Riots erupt on election day in Treby Magna. Drunken mine workers from Sproxton assault townspeople and wantonly destroy property. Felix Holt is caught up in the riots, and tries foolhardily to direct its hostility away from the town. But in the end, Felix Holt is charged with the manslaughter of a constable who tried to break up the riot. Harold Transome also loses the election to Debarry.

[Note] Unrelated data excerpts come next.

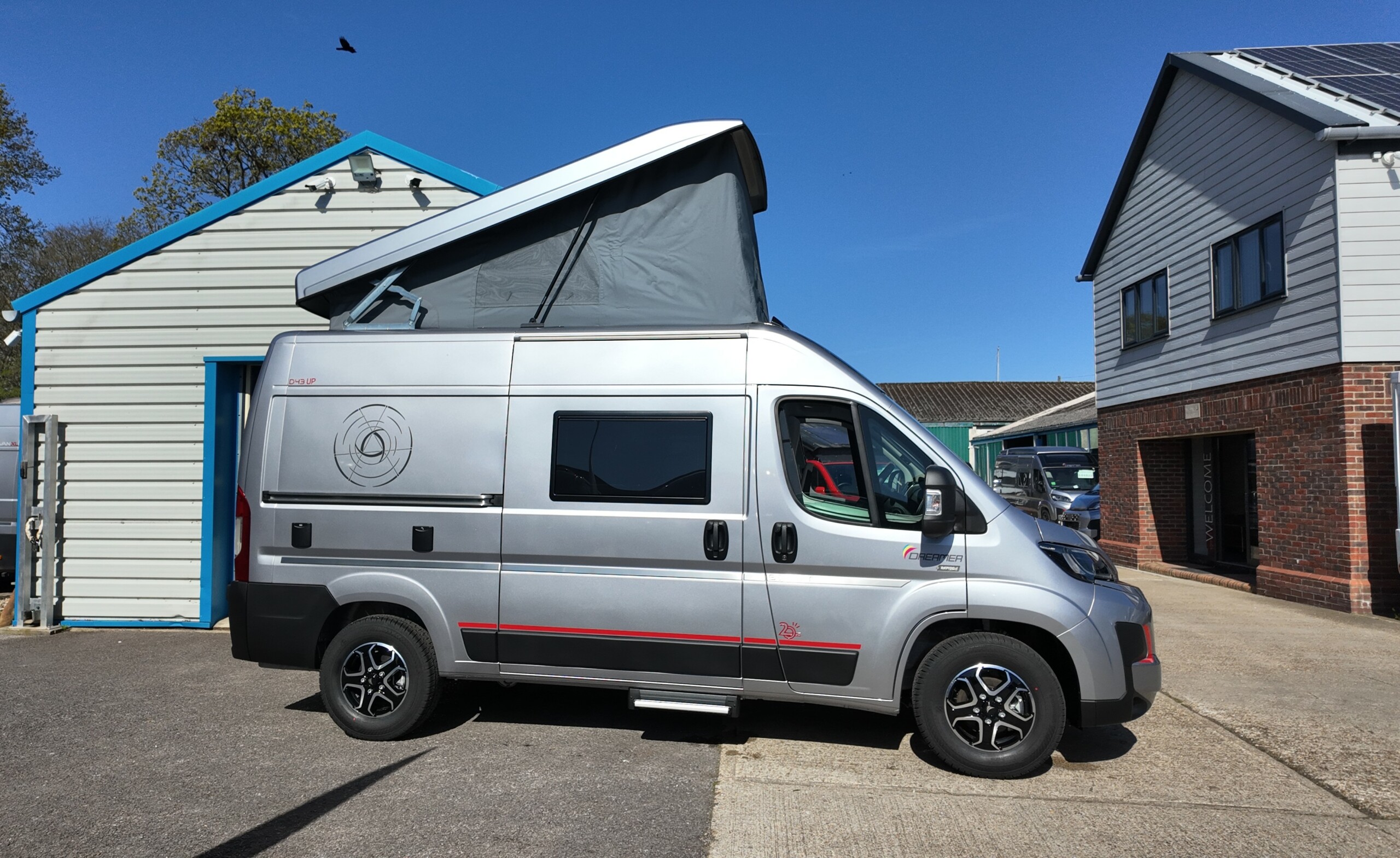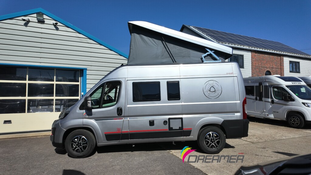 The Dreamer D43 UP Select is a premium, compact campervan celebrating the brand’s 20 anniversary. It stands out as the only medium-wheelbase model in the Dreamer Select range to feature a pop-top roof, combining high-end “Select” trim with family-friendly sleeping capacity.
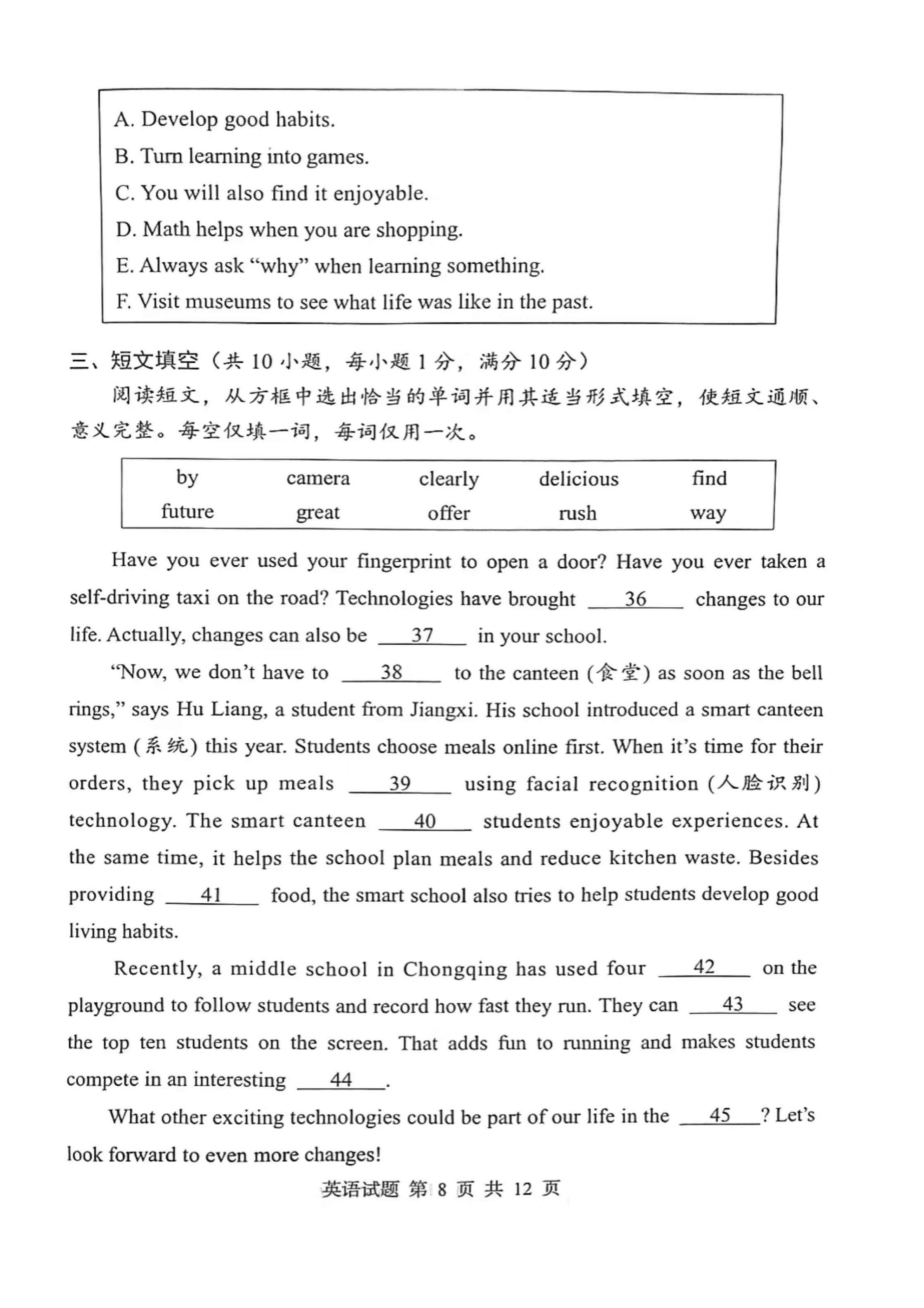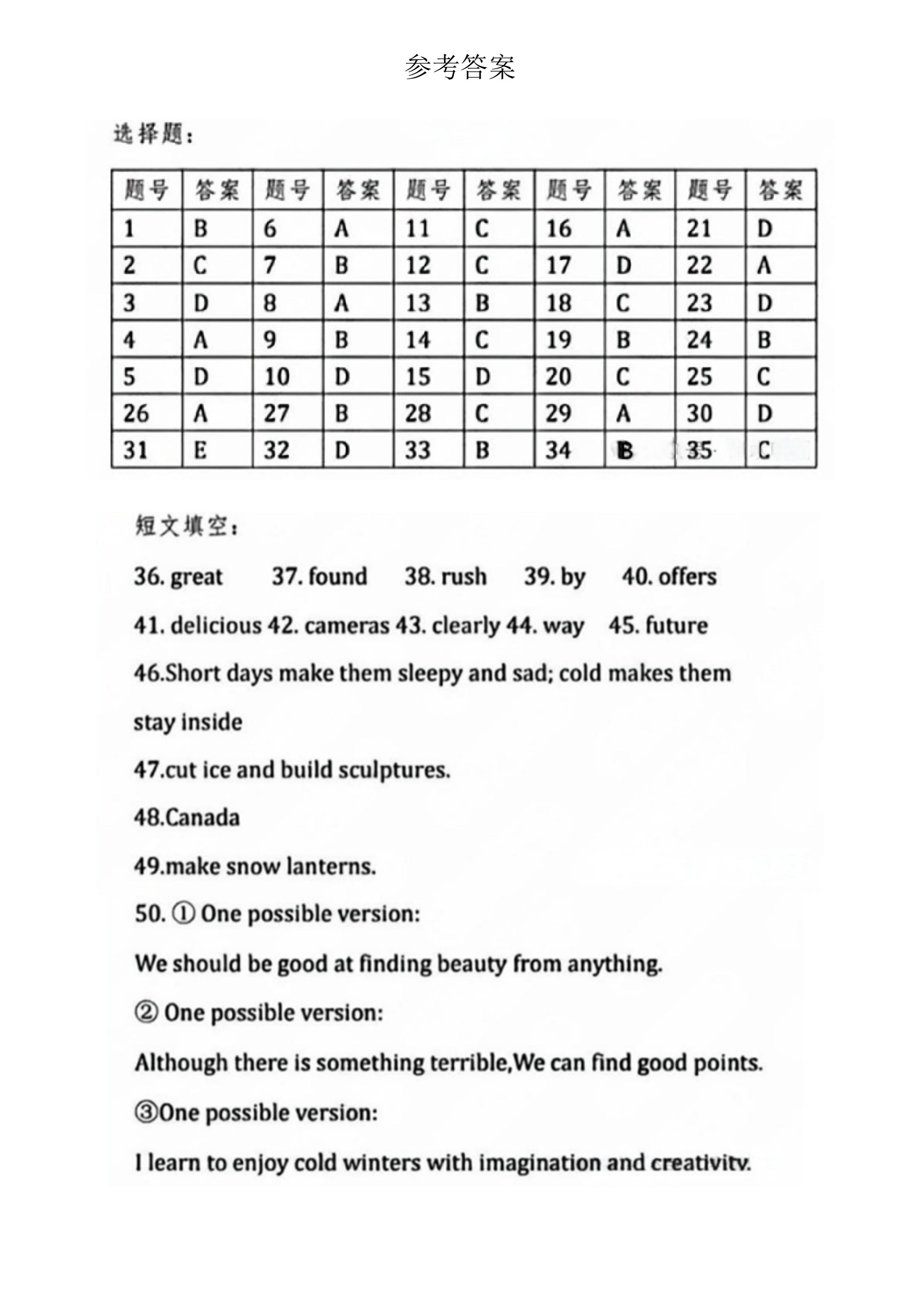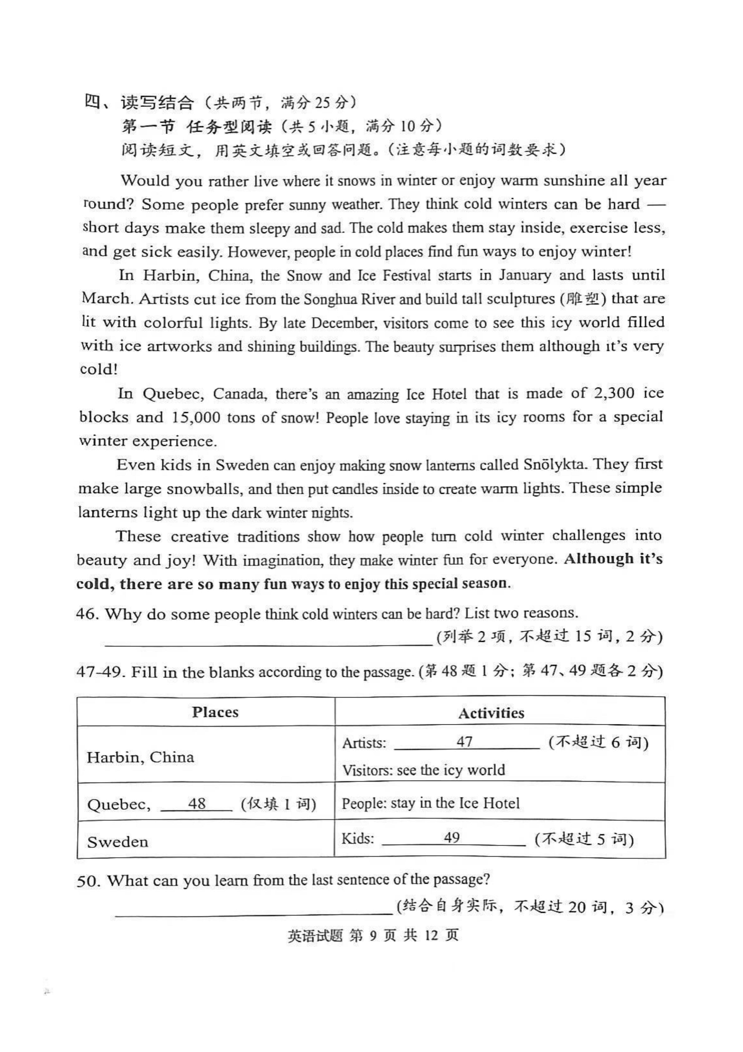 2025年天津中考英语真题试卷及答案解析 2026-03-15 -
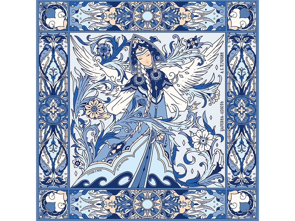 В центре авторского принта — удивительной красоты женщина с белоснежными крыльями, наделенная магическими способностями и житейской мудростью. Оригинальное сочетание тонов, цветочных орнаментов и русского колорита делают аксессуар нежным и самобытным.
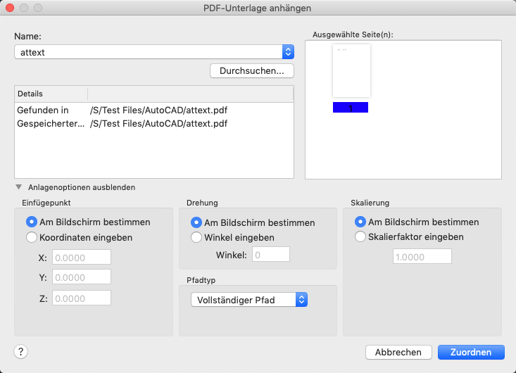 Wählen Sie den vollständigen (absoluten) Pfad, den relativen Pfad der PDF-Datei oder Kein Pfad und den Namen der PDF-Datei. Bei der Option Kein Pfad muss sich die PDF-Datei im selben Ordner wie die aktuelle Zeichnungsdatei befinden.
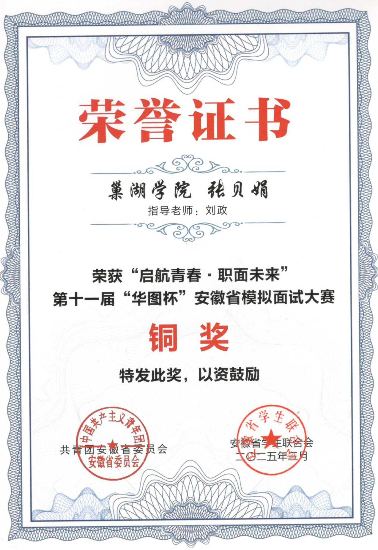 第十一届“华图杯”安徽省模拟面试大赛荣誉证书
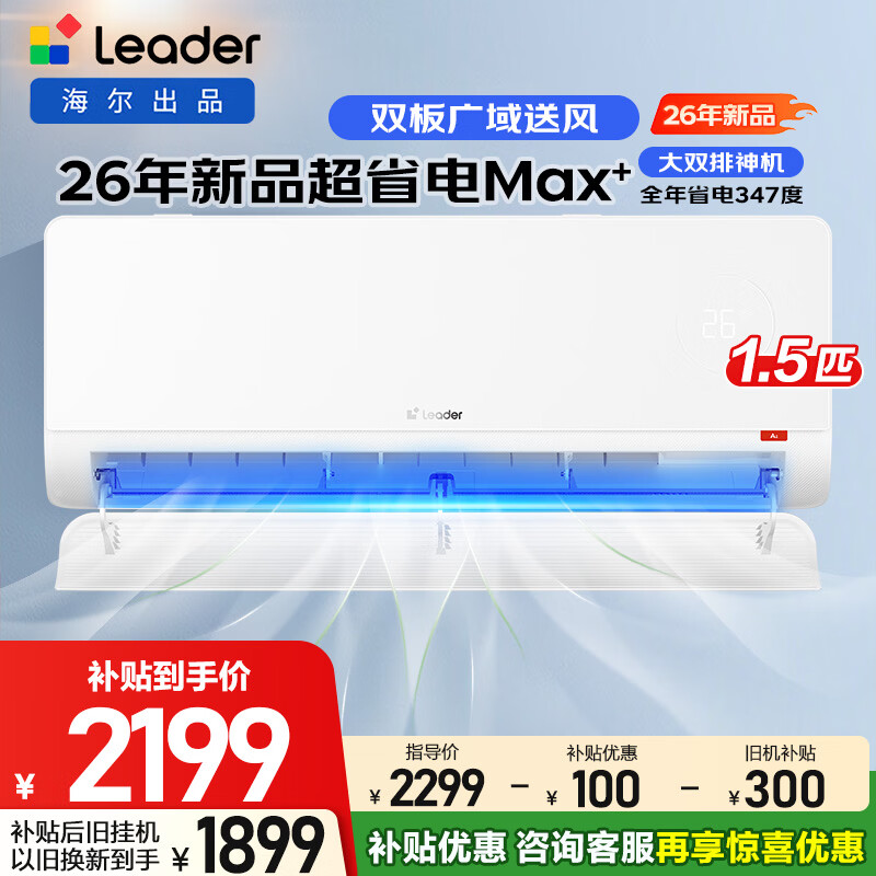 海尔空调出品统帅1.5匹/2匹/3匹一级能效超省电节能制冷暖热变频自清洁纯铜管家用大挂机以旧换新补贴 1.5匹 一级能效【超省电Max+】双排铜管省电
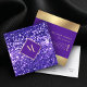 Purple Glitter Geometric Gold Frame Stylish Square Business Card
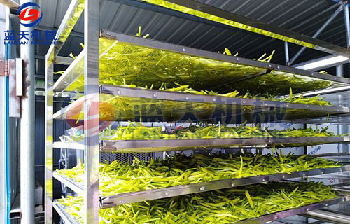 先把黃花菜均勻的攤放在推車托盤上,推車托盤最要用不銹鋼制作的,有利于加快干燥的時間。每層大約攤放7公分厚。層與層之間要預留8公分的距離,確保每層的通風效果。一部推車最好不要超過15層。裝好后放在烘干房內(nèi)。
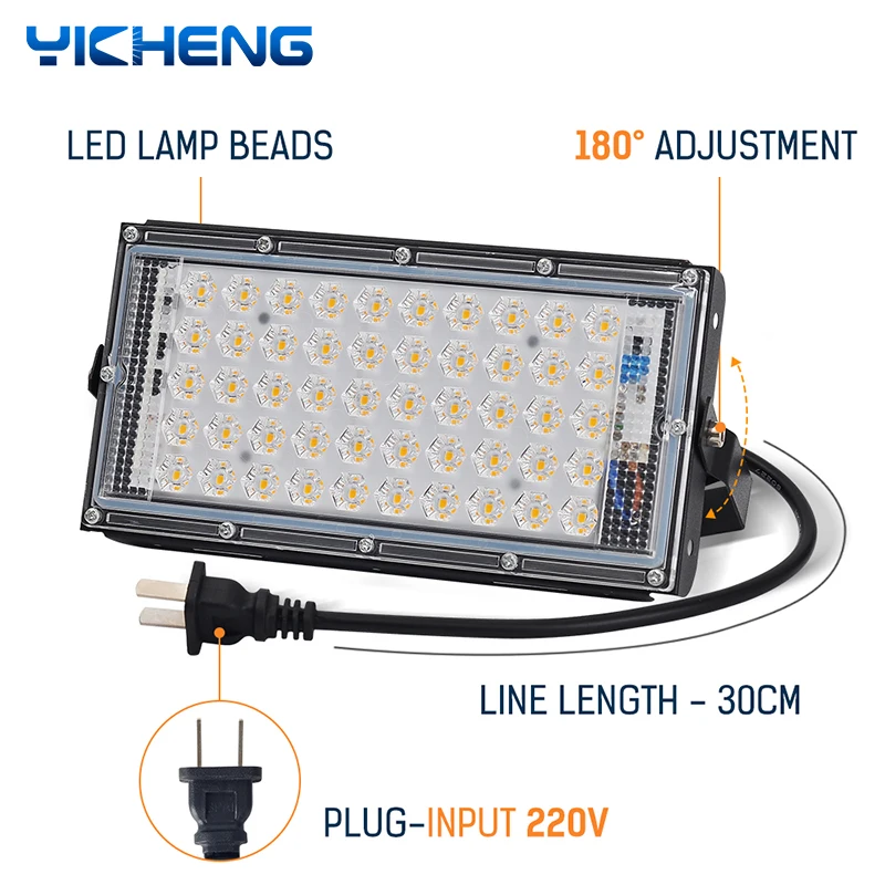 Светодиодный прожектор 50 Вт США вилка IP65 Водонепроницаемый AC220V
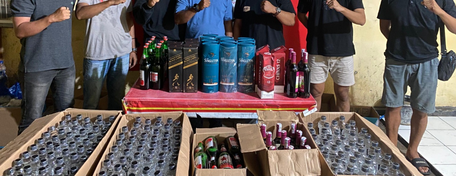 Adapun barang bukti minuman keras yang berhasil diamankan meliputi 10 botol minuman keras merek Singleton, 3 botol Chivas, 5 botol Black Label, 26 botol Bir Bintang, 15 botol Anggur Merah, serta 150 botol arak Bali.
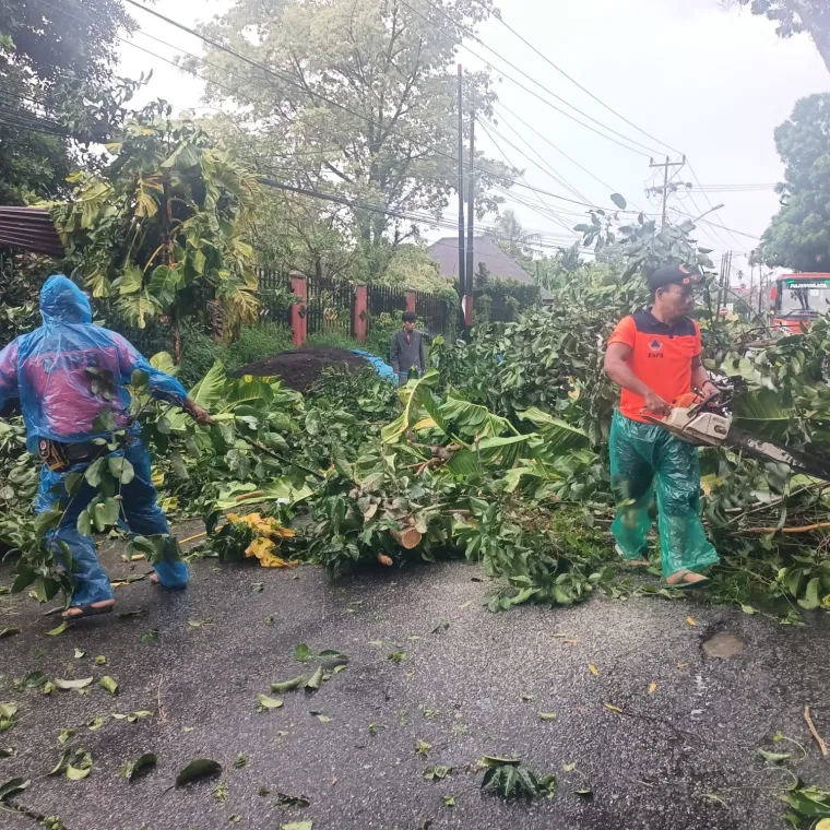 Ia menjelaskan, tim di lapangan bergerak cepat melakukan pemotongan dan evakuasi batang pohon yang melintang di badan jalan
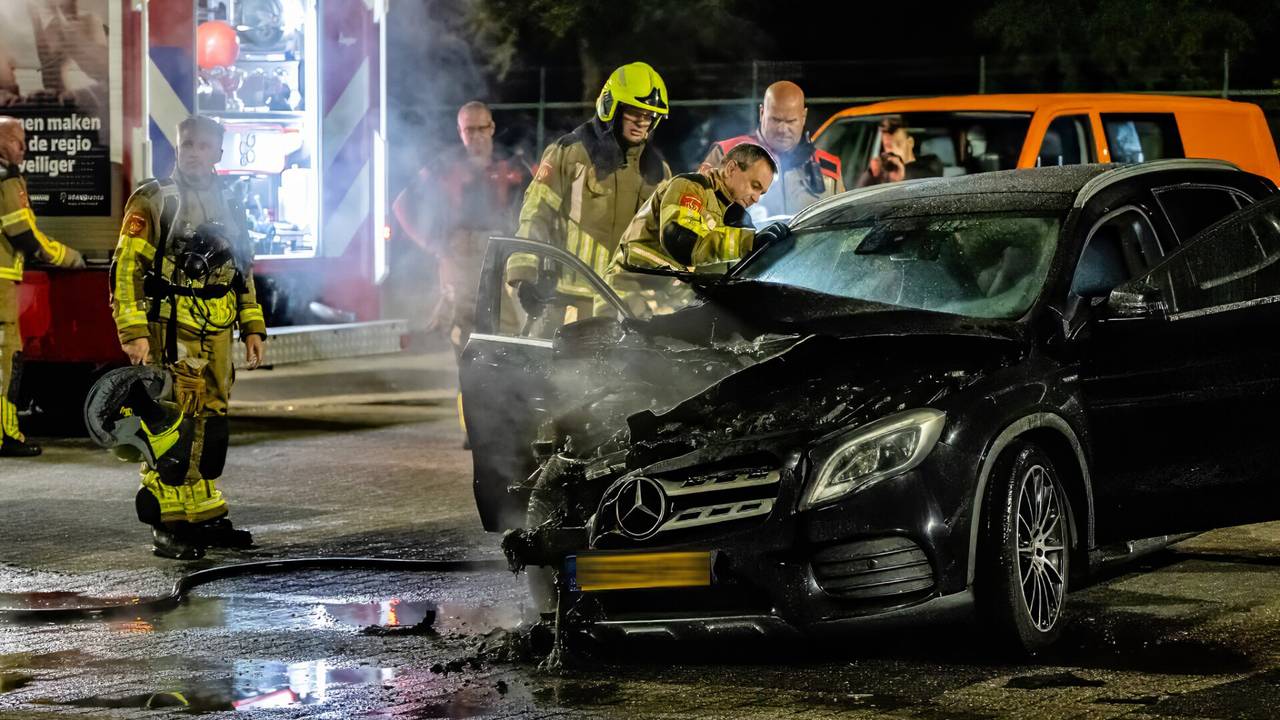 Auto in brand bij sportschool

Harold Transome begins legal proceedings against Jermyn for the latter's mismanagement of the Transome estate. Jermyn counters by threatening to publicise the true owner of the Transome estate. However, Maurice Christian informs the Transomes that the true owner of the estate is in fact Esther Lyon. Harold Transome invites her to the Transome estate, hoping to persuade her to marry him. Harold and Esther establish a good rapport, and Esther also becomes more sympathetic with Mrs. Transome, whose despair has continued to deepen. Esther feels torn between Harold Transome and Felix Holt. She compares a life of comfortable wealth with Harold Transome and motherly affection with Mrs. Transome, to a life of personal growth in poverty with Felix Holt. Meanwhile, at Felix Holt's trial, Rev. Lyon, Harold Transome and Esther Lyon all vouch for his character, but he is nevertheless found guilty of manslaughter. However, Harold Transome and the Debarrys manage to have Felix Holt pardoned.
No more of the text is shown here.